* WORK REQUEST: Repeat the data in full and exactly. Leave the pictures out.

+++ DATA UNDER STUDY +++

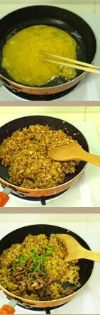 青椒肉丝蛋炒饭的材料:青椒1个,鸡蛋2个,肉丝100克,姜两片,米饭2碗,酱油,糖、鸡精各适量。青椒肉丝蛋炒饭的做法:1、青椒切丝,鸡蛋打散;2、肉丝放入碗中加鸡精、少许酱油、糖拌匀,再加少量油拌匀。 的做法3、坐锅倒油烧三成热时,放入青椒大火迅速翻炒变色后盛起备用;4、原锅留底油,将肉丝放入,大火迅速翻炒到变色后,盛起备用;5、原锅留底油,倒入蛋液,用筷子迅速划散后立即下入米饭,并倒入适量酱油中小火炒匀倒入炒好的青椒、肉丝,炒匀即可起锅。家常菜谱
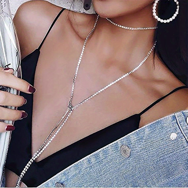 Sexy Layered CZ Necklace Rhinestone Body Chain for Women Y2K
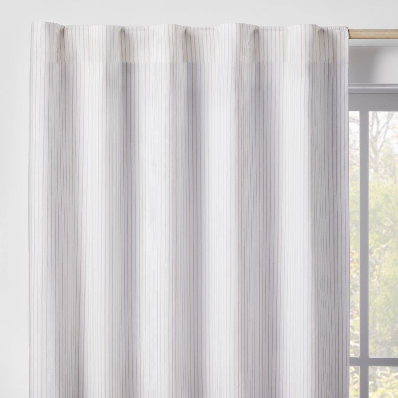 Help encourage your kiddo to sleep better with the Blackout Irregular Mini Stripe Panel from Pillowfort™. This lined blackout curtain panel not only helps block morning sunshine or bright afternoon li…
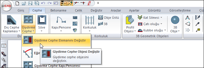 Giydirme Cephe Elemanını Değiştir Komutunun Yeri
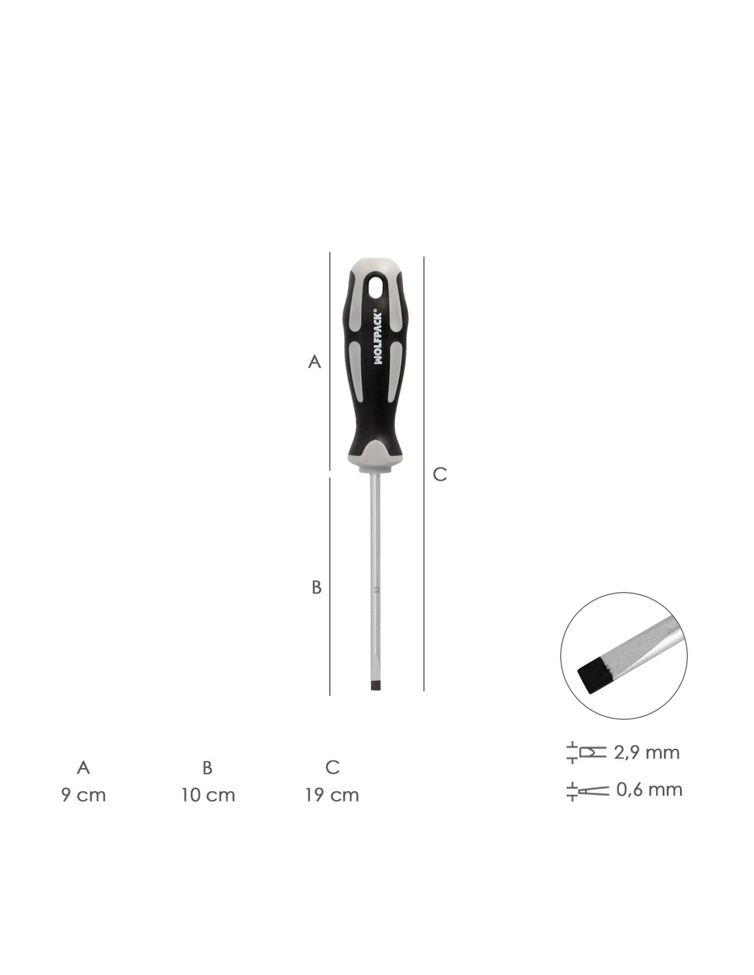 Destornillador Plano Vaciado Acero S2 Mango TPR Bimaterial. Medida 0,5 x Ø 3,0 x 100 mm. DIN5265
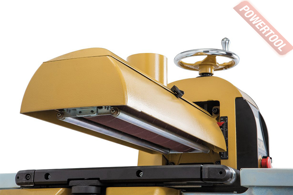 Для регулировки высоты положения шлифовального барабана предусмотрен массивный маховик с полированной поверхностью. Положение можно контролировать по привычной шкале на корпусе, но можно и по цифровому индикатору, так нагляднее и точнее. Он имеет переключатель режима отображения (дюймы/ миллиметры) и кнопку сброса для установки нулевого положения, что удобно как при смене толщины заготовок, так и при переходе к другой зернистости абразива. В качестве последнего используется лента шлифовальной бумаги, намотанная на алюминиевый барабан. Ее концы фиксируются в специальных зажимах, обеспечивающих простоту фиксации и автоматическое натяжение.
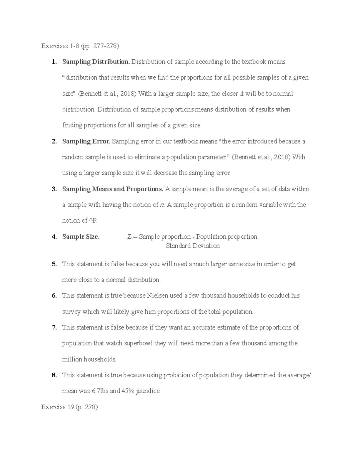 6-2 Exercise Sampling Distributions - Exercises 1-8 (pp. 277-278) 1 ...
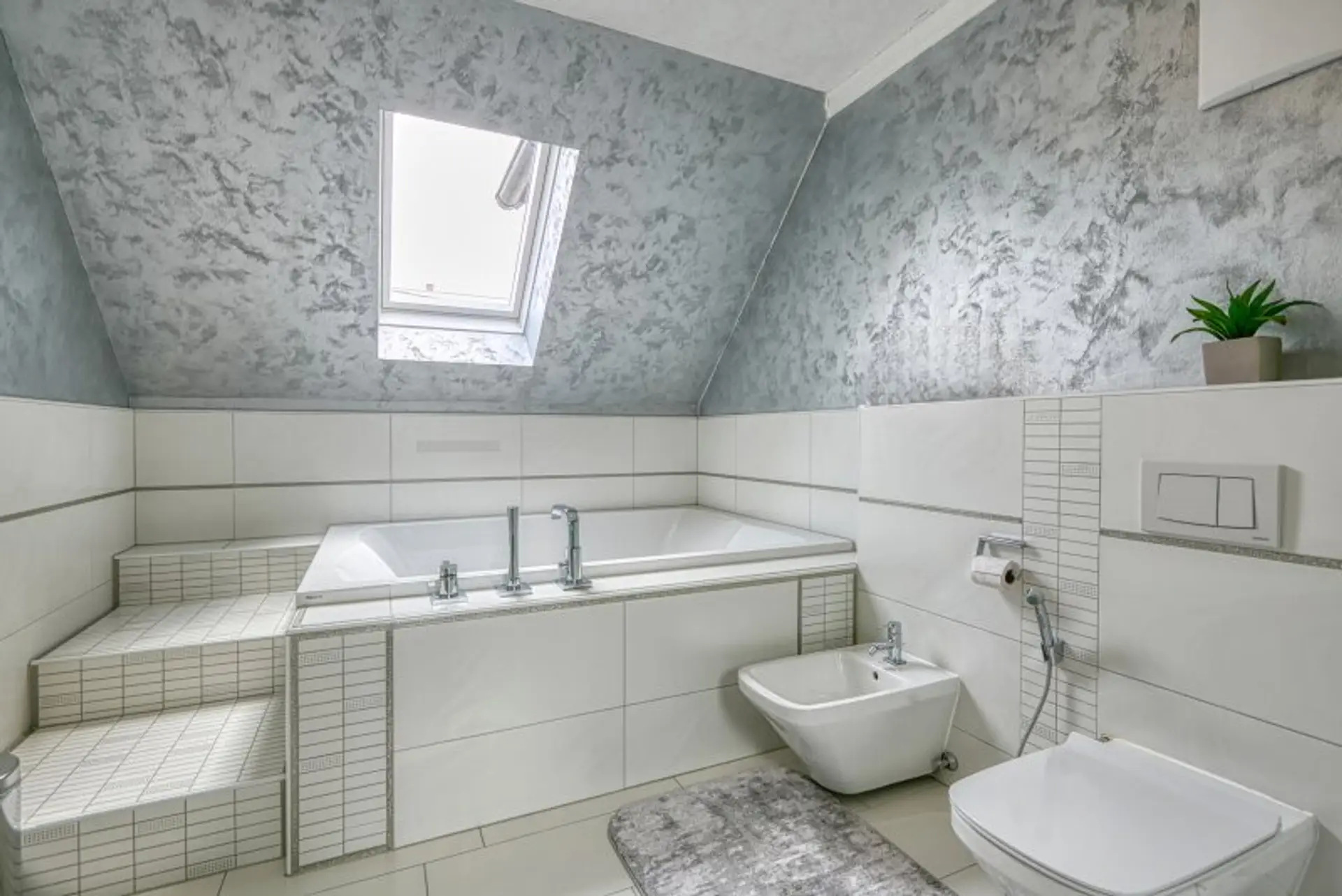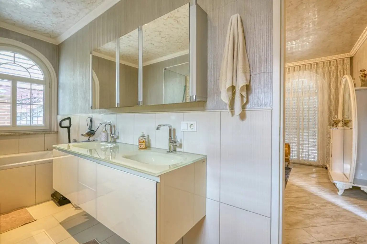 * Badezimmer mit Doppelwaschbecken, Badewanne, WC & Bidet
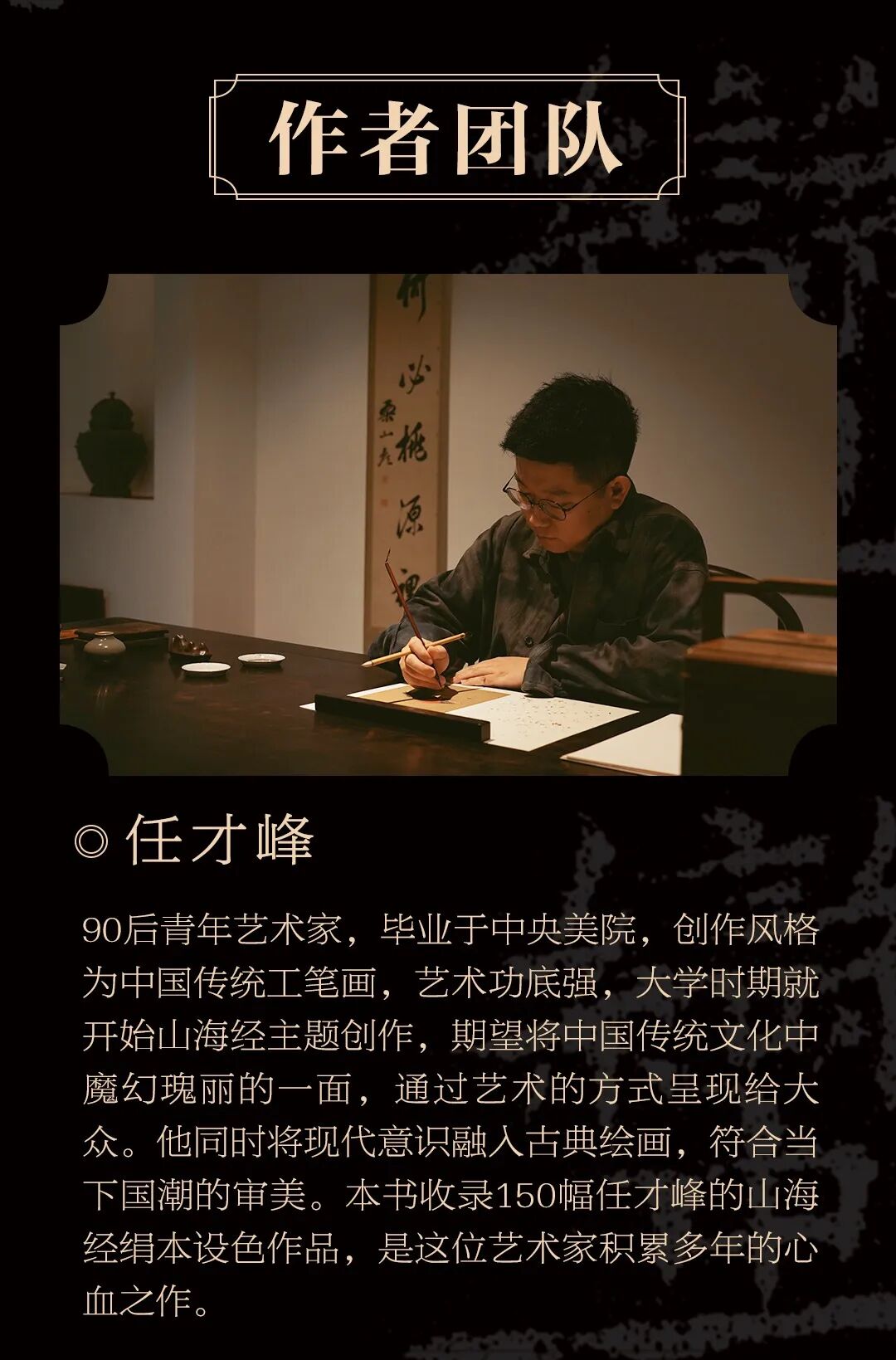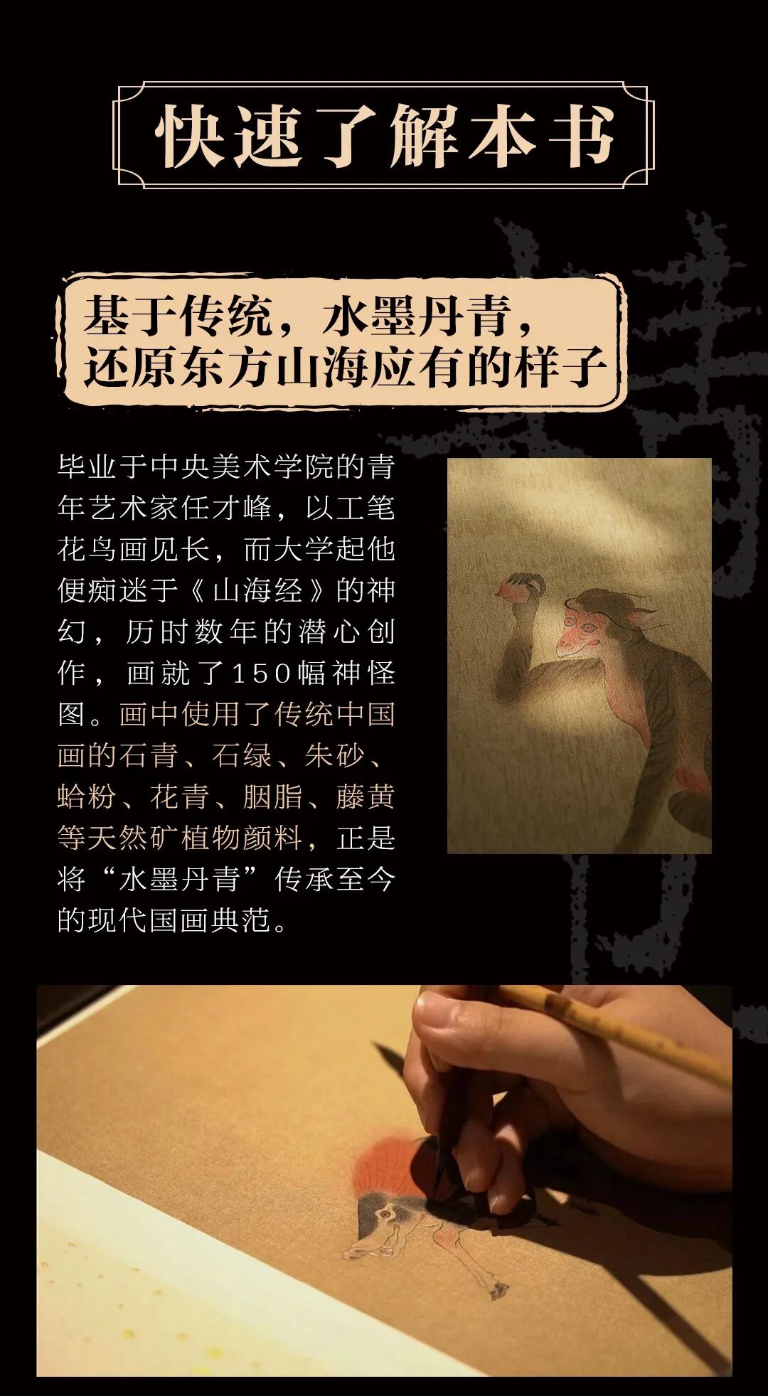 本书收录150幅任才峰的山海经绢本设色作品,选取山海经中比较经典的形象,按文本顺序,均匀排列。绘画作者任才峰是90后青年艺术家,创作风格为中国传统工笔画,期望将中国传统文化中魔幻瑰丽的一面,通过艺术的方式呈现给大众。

+++

* ANSWER FOR THE TASK:
 青椒肉丝蛋炒饭的材料:青椒1个,鸡蛋2个,肉丝100克,姜两片,米饭2碗,酱油,糖、鸡精各适量。青椒肉丝蛋炒饭的做法:1、青椒切丝,鸡蛋打散;2、肉丝放入碗中加鸡精、少许酱油、糖拌匀,再加少量油拌匀。 的做法3、坐锅倒油烧三成热时,放入青椒大火迅速翻炒变色后盛起备用;4、原锅留底油,将肉丝放入,大火迅速翻炒到变色后,盛起备用;5、原锅留底油,倒入蛋液,用筷子迅速划散后立即下入米饭,并倒入适量酱油中小火炒匀倒入炒好的青椒、肉丝,炒匀即可起锅。家常菜谱
 Sexy Layered CZ Necklace Rhinestone Body Chain for Women Y2K
 Help encourage your kiddo to sleep better with the Blackout Irregular Mini Stripe Panel from Pillowfort™. This lined blackout curtain panel not only helps block morning sunshine or bright afternoon li…
 Giydirme Cephe Elemanını Değiştir Komutunun Yeri
 Destornillador Plano Vaciado Acero S2 Mango TPR Bimaterial. Medida 0,5 x Ø 3,0 x 100 mm. DIN5265
 Для регулировки высоты положения шлифовального барабана предусмотрен массивный маховик с полированной поверхностью. Положение можно контролировать по привычной шкале на корпусе, но можно и по цифровому индикатору, так нагляднее и точнее. Он имеет переключатель режима отображения (дюймы/ миллиметры) и кнопку сброса для установки нулевого положения, что удобно как при смене толщины заготовок, так и при переходе к другой зернистости абразива. В качестве последнего используется лента шлифовальной бумаги, намотанная на алюминиевый барабан. Ее концы фиксируются в специальных зажимах, обеспечивающих простоту фиксации и автоматическое натяжение.
 6-2 Exercise Sampling Distributions - Exercises 1-8 (pp. 277-278) 1 ...
 * Badezimmer mit Doppelwaschbecken, Badewanne, WC & Bidet
 本书收录150幅任才峰的山海经绢本设色作品,选取山海经中比较经典的形象,按文本顺序,均匀排列。绘画作者任才峰是90后青年艺术家,创作风格为中国传统工笔画,期望将中国传统文化中魔幻瑰丽的一面,通过艺术的方式呈现给大众。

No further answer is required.